Come precisa Michele Redaelli, conduttore insieme a Fabrizio Martini del Teatro dell’Oppresso che si è tenuto alle Piagge nel mese di dicembre: “Il TdO lavora con quelle persone che vivono le questioni sociali messe in scena. Non sono gli attori a presentare lo spettacolo, ma è il pubblico, che vive quella stessa situazione a costruire la scena”.
Il teatro diventa così uno strumento di reale cambiamento sociale. Il pubblico, infatti, e gli attori stessi si trovano a fingere una situazione che spesso nella loro vita è stata reale ed è per questo che possono facilmente entrare nel personaggio. Ci conferma Fabrizio Martini: “Per il TdO, sono molto più attori quelli che non lo fanno di mestiere. Sono meno costruiti, possono tirare fuori quello che sentono, la realtà quotidiana”.
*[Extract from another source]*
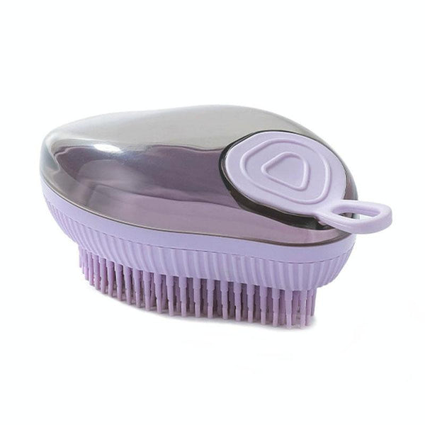 Pet Shower Brush with Shampoo Dispenser, Purple - Cat & Dog Massage

È un teatro che non dà risposte, almeno non prima di aver stabilito insieme le domande. Ed è per questo che si svolge in strutture non teatrali: “Scena e spettatori – continua Michele – devono essere sullo stesso piano. Non c’è palco, il pubblico deve poter intervenire liberamente, sostituire un personaggio che secondo lui sta subendo un’oppressione e provare a cambiare la situazione”.
Stiamo parlando del Teatro Forum, la tecnica più diffusa del TdO, e che è stata sperimentata anche dai corsisti di Comunicare Intercultura e Fare Rete. Lo spettacolo viene presentato due volte. La prima volta gli attori mettono in scena una situazione che hanno costruito insieme, lungo un percorso di giochi teatrali serviti a sciogliere rigidità corporee e percettive. La seconda volta, invece, il pubblico è chiamato a intervenire. Ogni qualvolta a qualcuno sembri che un personaggio avrebbe dovuto comportarsi in un altro modo, interrompe lo spettacolo e si sostituisce ad esso.
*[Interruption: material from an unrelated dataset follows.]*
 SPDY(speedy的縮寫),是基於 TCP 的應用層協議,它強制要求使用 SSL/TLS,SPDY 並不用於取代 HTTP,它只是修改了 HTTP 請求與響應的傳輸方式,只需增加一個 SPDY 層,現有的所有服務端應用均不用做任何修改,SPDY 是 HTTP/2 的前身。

È così che si trovano soluzioni alternative a quelle, provocatorie, presentate la prima volta. Il rischio è che queste alternative portino ad effetti ancor più tragici di quelli proposti. Il fine del TdO infatti è quello di stimolare una discussione, di porsi delle domande, di riconoscere le proprie oppressioni. Solo allora si potrà far qualcosa per superarle.